● **Brief**
Within the records that follow, restate exactly the lines from the line with "The Radian AFTERBURNER" down to the line with "Воротник из стриженого", including both. Omit the pictures.

● **Source information**

_____

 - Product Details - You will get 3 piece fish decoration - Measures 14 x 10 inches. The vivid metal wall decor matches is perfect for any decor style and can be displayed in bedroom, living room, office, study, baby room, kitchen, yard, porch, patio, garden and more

_____

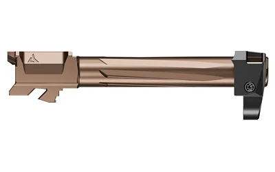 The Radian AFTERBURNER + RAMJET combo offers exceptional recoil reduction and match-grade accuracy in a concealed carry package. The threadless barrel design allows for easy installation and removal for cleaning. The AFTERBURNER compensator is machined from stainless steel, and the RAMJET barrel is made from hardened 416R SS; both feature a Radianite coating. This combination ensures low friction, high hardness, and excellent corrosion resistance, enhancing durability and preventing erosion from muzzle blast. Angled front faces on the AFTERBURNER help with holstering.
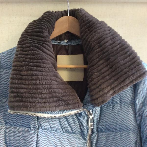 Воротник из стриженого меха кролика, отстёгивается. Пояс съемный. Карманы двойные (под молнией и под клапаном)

_____

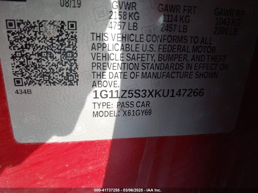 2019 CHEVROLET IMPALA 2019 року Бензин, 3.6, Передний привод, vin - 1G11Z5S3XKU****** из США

_____

● **Result**
 The Radian AFTERBURNER + RAMJET combo offers exceptional recoil reduction and match-grade accuracy in a concealed carry package. The threadless barrel design allows for easy installation and removal for cleaning. The AFTERBURNER compensator is machined from stainless steel, and the RAMJET barrel is made from hardened 416R SS; both feature a Radianite coating. This combination ensures low friction, high hardness, and excellent corrosion resistance, enhancing durability and preventing erosion from muzzle blast. Angled front faces on the AFTERBURNER help with holstering.
 Воротник из стриженого меха кролика, отстёгивается. Пояс съемный. Карманы двойные (под молнией и под клапаном)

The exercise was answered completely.